Function Calling

Function calling (also called tool calling) is the mechanism that enables large language models to invoke external functions, APIs, and tools in response to user requests. This capability transforms LLMs from passive text generators into action-taking agents that can query databases, call APIs, execute code, and orchestrate multi-step workflows. It is the foundational building block of all agentic AI systems.
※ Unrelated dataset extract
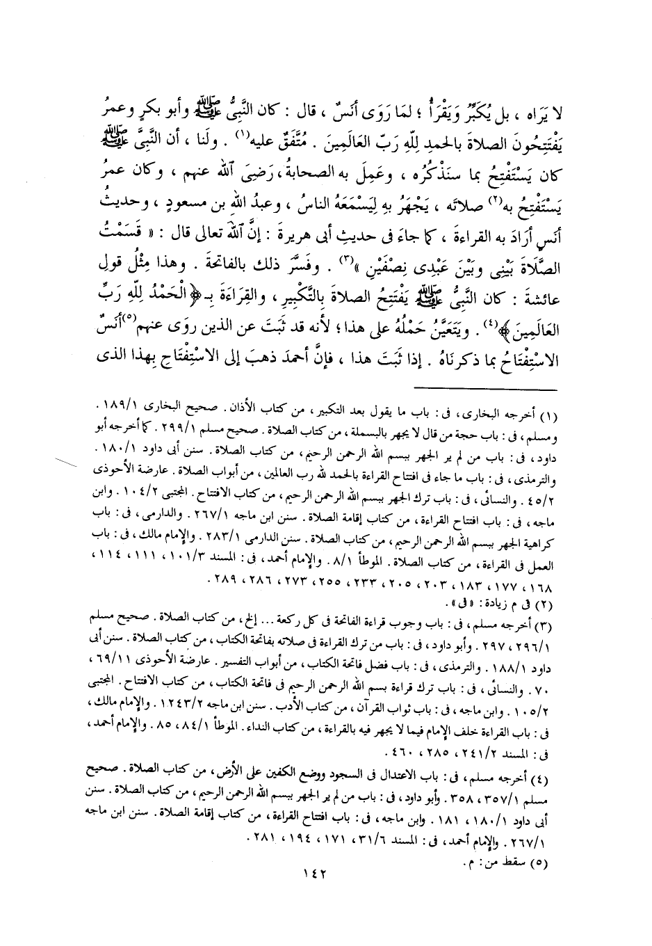 (١) أخرجه البخاري، في: باب ما يقول بعد التكبير، من كتاب الأذان. صحيح البخاري ١/ ١٨٩. ومسلم، في: باب حجة من قال لا يجهر بالبسملة، من كتاب الصلاة. صحيح مسلم ١/ ٢٩٩. كما أخرجه أبو داود، في: باب من لم ير الجهر ببسم اللَّه الرحمن الرحيم، من كتاب الصلاة. سنن أبي داود ١/ ١٨٠. والترمذي، في: باب ما جاء في افتتاح القراءة بالحمد للَّه رب العالمين، من أبواب الصلاة. عارضة الأحوذى ٢/ ٤٥. والنسائي، في: باب ترك الجهر ببسم اللَّه الرحمن الرحيم، من كتاب الافتتاح. المجتبى ٢/ ١٠٤. وابن ماجه، في: باب افتتاح القراءة، من كتاب إقامة الصلاة. سنن ابن ماجه ١/ ٢٦٧. والدارمي، في: باب كراهية الجهر ببسم اللَّه الرحمن الرحيم، من كتاب الصلاة. سنن الدارمي ١/ ٢٨٣. والإمام مالك، في: باب العمل في القراءة، من كتاب الصلاة. الموطأ ١/ ٨. والإمام أحمد، في: المسند ٣/ ١٠١، ١١١، ١١٤، ١٦٨، ١٧٧، ١٨٣، ٢٠٣، ٢٠٥، ٢٣٣، ٢٥٥، ٢٧٣، ٢٨٦، ٢٨٩.
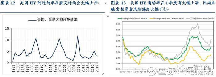 思辨2:利率曲线倒挂领先股市拐点的规律这次会不一样吗?核心是风险偏好的变化程度。美国高收益债违约率可侧面作为衡量市场风险偏好的指标(2000年和2007年股灾,高收益债违约率大幅上升)。2018年1季度高收益债的违约率已经有明显抬升,虽然尚不够危机高位,但表明风险偏好存在走低的趋势。

How Function Calling Works

Function calling operates as a structured loop between the LLM and external tools:

Definition — You provide the LLM with function definitions including names, descriptions, and JSON Schema parameter specifications
Detection — The model determines when a function call is needed based on user input
Invocation — The model outputs structured JSON matching the function signature instead of natural language
Execution — Your application executes the function with the provided arguments
Response — The result is fed back to the model, which generates a final response

Models like GPT-4 and Claude are fine-tuned specifically to detect when functions should be called and to produce correctly formatted JSON output.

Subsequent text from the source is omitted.